Maryland College for Women was a college for women in Lutherville, Maryland. It was founded in 1853 as the Lutherville Female Seminary. It was the centerpiece of the planned community of Lutherville, created by two Lutheran ministers, Benjamin Kurtz and John Morris, and named for theologian Martin Luther.

The school building was a large limestone building with two wings and a 96-foot observatory, designed by the architecture firm of Dixon, Balbirnie, and Dixon. Classes began in October 1854, and included art, chemistry, modern and classical languages, mathematics, music, natural sciences, and needlework.
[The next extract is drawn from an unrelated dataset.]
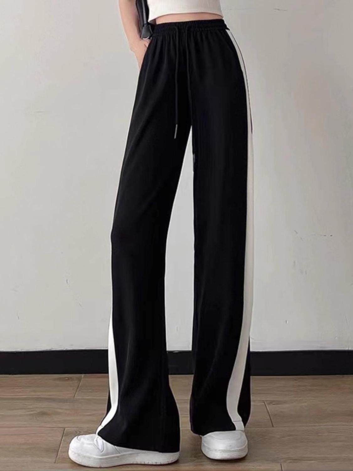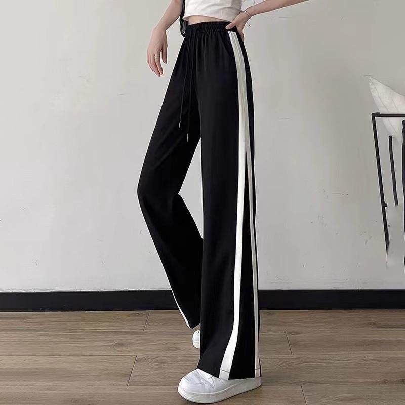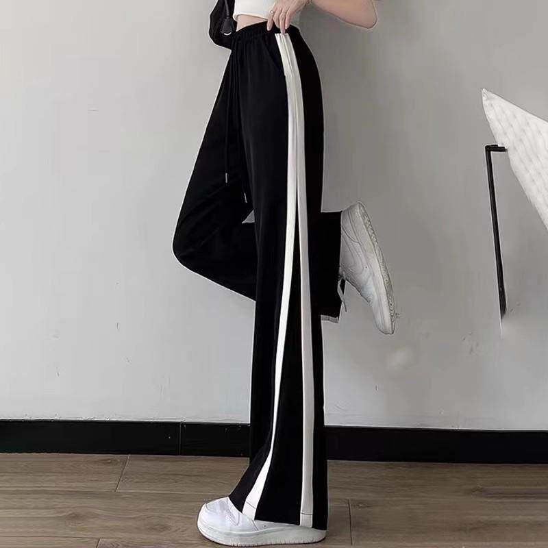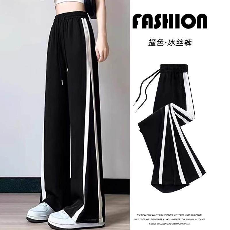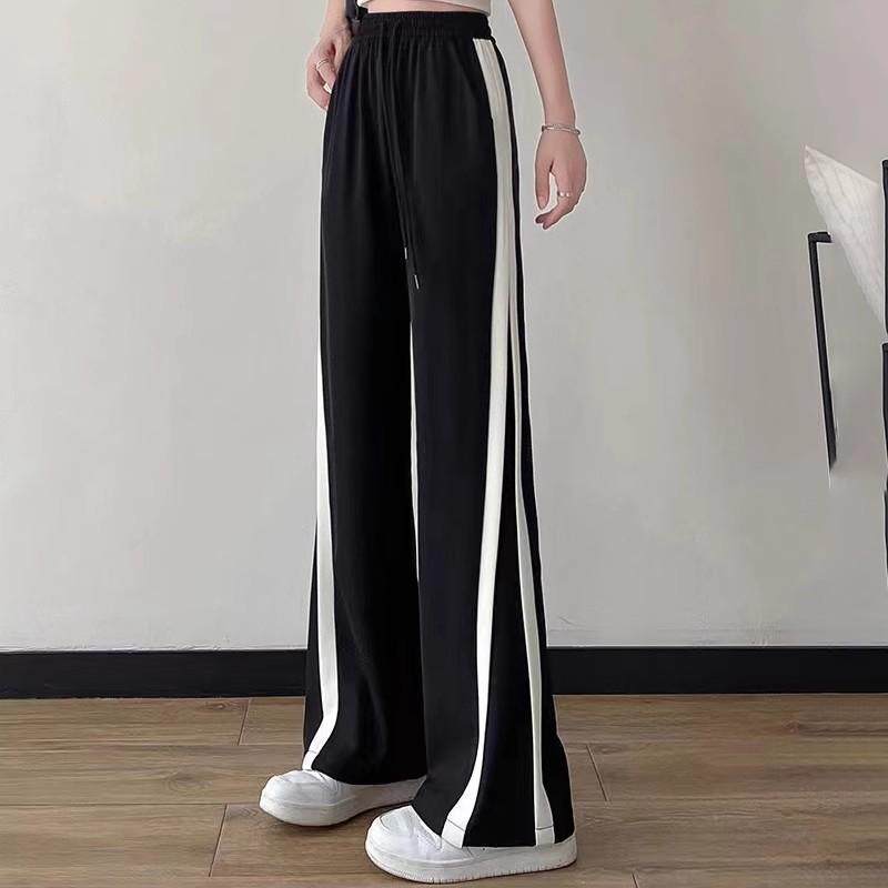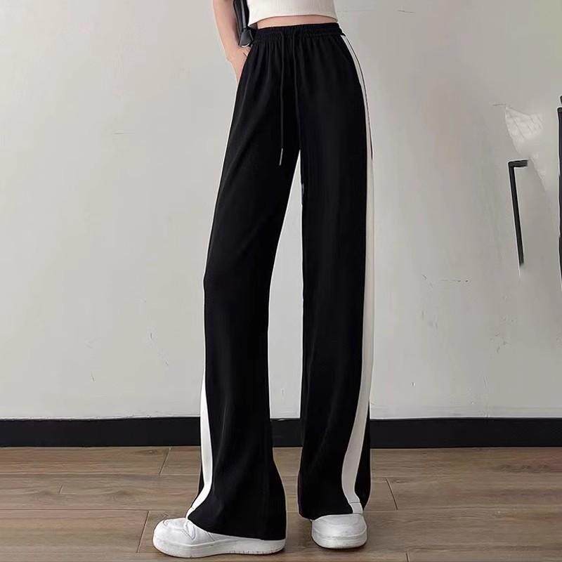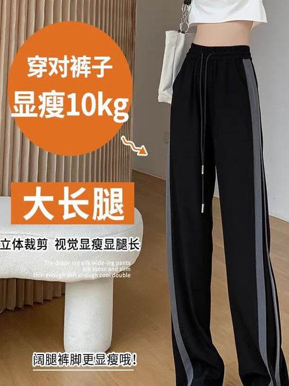 百搭高腰宽松运动休闲裤小个子阔腿裤女垂感夏季薄款直筒裤学生

Morris wrote that the curriculum would "embrace everything necessary to a solid and finished literary education."

Morris sold the school to J. H. Turner in April 1886. The school was renamed the Maryland College for Women in 1895. Charles Wesley Gallagher served as president from 1908 until his death in 1916. In 1911, the College burned down and was replaced by a white stucco building. In the 1920s, the parents of actors Warren Beatty and Shirley MacLaine met on the campus of the Maryland College for Women, where they were both instructors.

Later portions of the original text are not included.